The manor was no longer a battlefield but a quiet, living thing. Mehandi had spent a month restoring its magic, feeling the pulse of the ley lines beneath the floorboards and the whispers of the aether in the walls. The visible glow of his restorative magic was a constant reminder of his purpose, but the deeper he reached into the manor's core, the more he found traces of his brothers' corruption.
He was in the Volkov family archives, a massive, sealed library that hummed with a different kind of power—the power of history. His brothers had never been able to open it; their magic was too aggressive, too impatient. But Mehandi's magic, born of the earth and starlight, felt like a key in a lock. He reached out with his hand, and the heavy, oak doors unlocked with a soft click, swinging open to reveal a room that had not been disturbed in years.
Dust motes danced in a single shaft of light, illuminating rows of scrolls and leather-bound tomes. Mehandi was not looking for a spell, but for a family history, a record of the last days of his parents. He found his mother's personal journal, its pages brittle with age, and a separate, sealed document labeled "For the True Heir." His hand trembled as he broke the seal.

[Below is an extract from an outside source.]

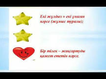 Тілдік бағдар Сілтеу есімдігі Алыстағы не жақындағы нәрселерді сілтеп, нұсқап көрсету үшін қолданылатын сөздерді сілтеу есімдігі дейді. Сілтеу есімдігіне бұл, осы (осынау), ол, сол (сонау), мына (мынау), ана (анау), әне, міне деген сөздер жатады. Сілтеу есімдіктері заттық ұғымға айналып айтылса, зат есімнің үлгісімен көптеледі (бұлар, осылар, олар), тәуелденеді (бұным, соным, бұныңыз, соныңыз), септеледі (бұған, соған). Сұрау есімдігі Бір нәрсенің атын не оның түрі мен түсін, саны мен сапасын білу үшін қойылатын сұрақтар сұрау есімдігідеп аталады. Сұрау есімдіктері: кім? не? қай? қайсы? қандай? қанша? неше? нешеу? нешінші? қайда? қайдан? қалай?Сұрау есімдігінің бірқатары көп-теліп, тәуелденіп, септеліп және жіктеліп, тұлғалық жағынан құбылып отырады. 5-тапсырма. Жіктеу есімдігінің септелу үлгісін есіңе түсір. Сөйлемдерді көшіріп жаз. Сілтеу есімдігінің өзгерісін түсіндір. Оны атамай, Қайырбек Баршагүлді қалайды (Ғ. Сланов). Соны іздеймін деп, түстен былайғы жұмысым қалды (Ғ. Мүсірепов). Қазіргі шақта Базаралы келгелі бір жұмадай болса да, оны қала ішінде қарсы алған көңілдес ағайын күндіз-түн қонақ етеді (М. Әуезов). Бұны жақтыртпаған сыңай танытып Ақан далаға беттеді (Ғ. Мүсірепов). Рефлексия Алшы - Сабақтан өзіңе пайдалы не алдың? Тәйке – Сабақта не қиын болды? Бүк – Сабақта нені басқаша өзгертуге болады деп ойлайсың? Шік – Бүгінгі сабақтан үйренгенің бойынша алда не істеймін деп ойлайсың? |

The document was a final testament from his father, written in a shaky, fading hand. It spoke of a slow, creeping illness that had settled over him and his wife, an ailment no family mage could diagnose. "The magic in our bodies is not fading," the words read, "it is being corrupted. Our auras are being poisoned." His father suspected treachery from within, a foul magical poison that was both untraceable and slow-acting. He wrote of his last days, of his fading strength, and a final, heartbreaking entry: "I fear our time is short, and I fear the children we leave our legacy to. They have already started to feast on our decay."
Mehandi's blood ran cold. The sickness he had been told killed his parents was a lie. The same slow-acting poison that had been used on him, disguised in a tonic, had been used on them. His brothers, Leo and Ivan, had not simply waited for their parents to die; they had orchestrated it. They had feasted on their parents' power while they were still alive.
The righteous anger that had fueled his return from the grave felt like a child's tantrum compared to the cold, murderous rage that now settled in his heart. It wasn't about reclaiming his birthright anymore. It wasn't about a simple act of vengeance for his own betrayal. This was about justice. This was a son avenging his murdered parents.
He looked at the open chasm in the library floor where he had found the document, a direct line to the manor's glowing core. He knelt, placing his hand on the pulsating light, and a promise was made, not to the manor, but to the earth itself. The Volkov name had been stained with greed and ambition, but now it was soaked in the blood of their parents. He would not just reclaim his family's legacy; he would cleanse it.
The brothers, in their flight, had underestimated him. They thought he was only after their title and wealth. They had no idea he was now a ghost with the vengeance of two souls. He would hunt them down, and for the first time, he would not be fighting for his birthright. He would be fighting for his parents' memory, and he would not stop until their murderers were brought to justice.